▶ Material provided

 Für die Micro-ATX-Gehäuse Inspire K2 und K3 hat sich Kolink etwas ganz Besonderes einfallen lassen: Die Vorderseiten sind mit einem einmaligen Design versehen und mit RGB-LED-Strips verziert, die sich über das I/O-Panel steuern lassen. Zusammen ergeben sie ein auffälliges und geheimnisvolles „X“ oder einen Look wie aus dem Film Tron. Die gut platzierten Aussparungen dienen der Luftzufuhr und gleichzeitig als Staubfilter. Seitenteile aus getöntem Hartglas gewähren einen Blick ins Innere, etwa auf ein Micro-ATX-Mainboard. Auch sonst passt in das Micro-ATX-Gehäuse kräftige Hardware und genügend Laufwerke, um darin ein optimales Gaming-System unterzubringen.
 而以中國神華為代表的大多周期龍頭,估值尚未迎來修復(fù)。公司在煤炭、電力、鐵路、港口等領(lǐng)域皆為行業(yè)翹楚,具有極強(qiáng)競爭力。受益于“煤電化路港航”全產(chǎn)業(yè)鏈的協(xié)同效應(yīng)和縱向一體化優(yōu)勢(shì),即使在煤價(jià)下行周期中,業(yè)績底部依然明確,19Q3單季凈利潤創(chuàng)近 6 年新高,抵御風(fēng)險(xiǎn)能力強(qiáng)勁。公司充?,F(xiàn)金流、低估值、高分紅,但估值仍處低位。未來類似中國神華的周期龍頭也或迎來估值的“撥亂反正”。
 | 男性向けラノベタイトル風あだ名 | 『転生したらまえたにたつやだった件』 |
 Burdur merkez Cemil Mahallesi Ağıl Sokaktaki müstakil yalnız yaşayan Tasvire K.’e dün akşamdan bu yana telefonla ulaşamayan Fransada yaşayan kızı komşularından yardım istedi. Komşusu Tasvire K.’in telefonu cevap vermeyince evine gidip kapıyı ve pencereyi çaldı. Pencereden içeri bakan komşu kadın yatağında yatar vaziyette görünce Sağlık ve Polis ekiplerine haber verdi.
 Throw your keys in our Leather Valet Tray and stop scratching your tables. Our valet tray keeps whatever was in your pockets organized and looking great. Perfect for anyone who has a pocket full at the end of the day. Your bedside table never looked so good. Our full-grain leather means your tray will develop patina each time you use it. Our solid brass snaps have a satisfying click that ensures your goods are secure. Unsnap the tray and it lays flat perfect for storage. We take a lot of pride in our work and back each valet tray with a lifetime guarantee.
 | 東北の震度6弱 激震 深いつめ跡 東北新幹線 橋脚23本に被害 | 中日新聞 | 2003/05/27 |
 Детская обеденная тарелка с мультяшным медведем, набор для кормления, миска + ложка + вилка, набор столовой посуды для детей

--

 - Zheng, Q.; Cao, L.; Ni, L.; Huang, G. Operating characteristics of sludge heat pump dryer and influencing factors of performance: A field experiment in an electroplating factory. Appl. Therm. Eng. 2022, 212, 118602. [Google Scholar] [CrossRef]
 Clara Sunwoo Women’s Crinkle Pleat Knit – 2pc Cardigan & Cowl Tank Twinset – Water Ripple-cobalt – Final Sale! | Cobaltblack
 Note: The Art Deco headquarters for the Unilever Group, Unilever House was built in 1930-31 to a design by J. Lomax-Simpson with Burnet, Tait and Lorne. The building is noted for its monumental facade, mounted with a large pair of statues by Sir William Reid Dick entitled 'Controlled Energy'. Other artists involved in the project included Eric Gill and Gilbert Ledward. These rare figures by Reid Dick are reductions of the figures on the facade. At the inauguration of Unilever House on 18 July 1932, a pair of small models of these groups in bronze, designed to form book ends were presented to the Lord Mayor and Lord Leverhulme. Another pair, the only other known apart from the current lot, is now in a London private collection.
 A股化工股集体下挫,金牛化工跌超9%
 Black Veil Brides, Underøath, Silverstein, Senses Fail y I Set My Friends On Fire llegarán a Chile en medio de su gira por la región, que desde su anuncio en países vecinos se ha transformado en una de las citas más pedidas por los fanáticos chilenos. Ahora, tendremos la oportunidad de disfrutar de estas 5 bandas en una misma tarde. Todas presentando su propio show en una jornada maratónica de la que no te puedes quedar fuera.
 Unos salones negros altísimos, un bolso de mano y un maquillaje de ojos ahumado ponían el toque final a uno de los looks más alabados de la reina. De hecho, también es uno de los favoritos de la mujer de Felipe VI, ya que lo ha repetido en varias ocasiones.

--

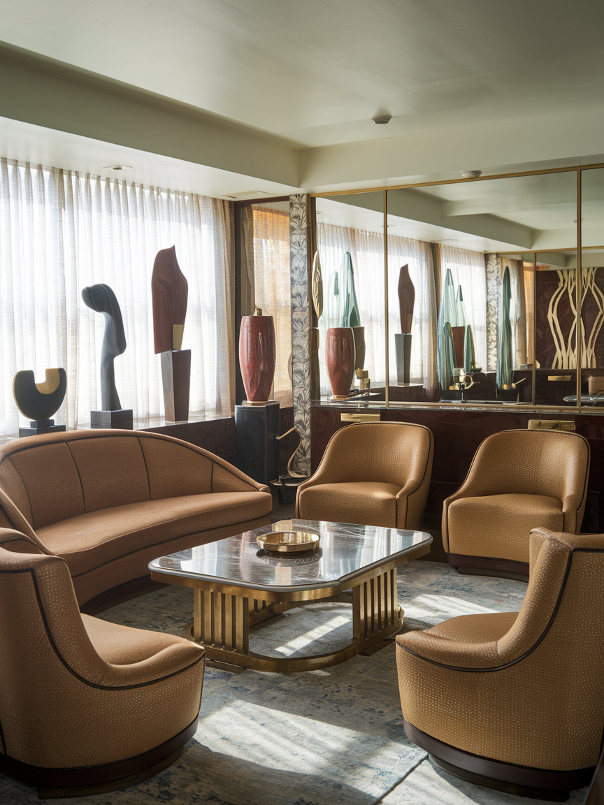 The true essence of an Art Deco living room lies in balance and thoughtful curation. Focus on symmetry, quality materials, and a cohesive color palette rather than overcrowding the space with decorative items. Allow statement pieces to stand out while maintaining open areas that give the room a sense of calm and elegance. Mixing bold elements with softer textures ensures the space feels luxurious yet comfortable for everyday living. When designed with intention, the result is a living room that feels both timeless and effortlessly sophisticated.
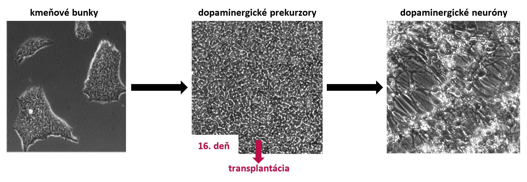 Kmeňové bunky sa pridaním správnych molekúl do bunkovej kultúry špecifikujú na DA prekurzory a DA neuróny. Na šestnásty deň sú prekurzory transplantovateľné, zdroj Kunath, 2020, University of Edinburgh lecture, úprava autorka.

▶ Your objective
Give back exactly the lines above starting at the line where "男性向けラノベタイトル風あだ名 | 『転生したらまえたにたつやだった件』 |" appears and ending at the line where "Burdur merkez Cemil" appears, both included, with no other lines.

▶ Result below
 | 男性向けラノベタイトル風あだ名 | 『転生したらまえたにたつやだった件』 |
 Burdur merkez Cemil Mahallesi Ağıl Sokaktaki müstakil yalnız yaşayan Tasvire K.’e dün akşamdan bu yana telefonla ulaşamayan Fransada yaşayan kızı komşularından yardım istedi. Komşusu Tasvire K.’in telefonu cevap vermeyince evine gidip kapıyı ve pencereyi çaldı. Pencereden içeri bakan komşu kadın yatağında yatar vaziyette görünce Sağlık ve Polis ekiplerine haber verdi.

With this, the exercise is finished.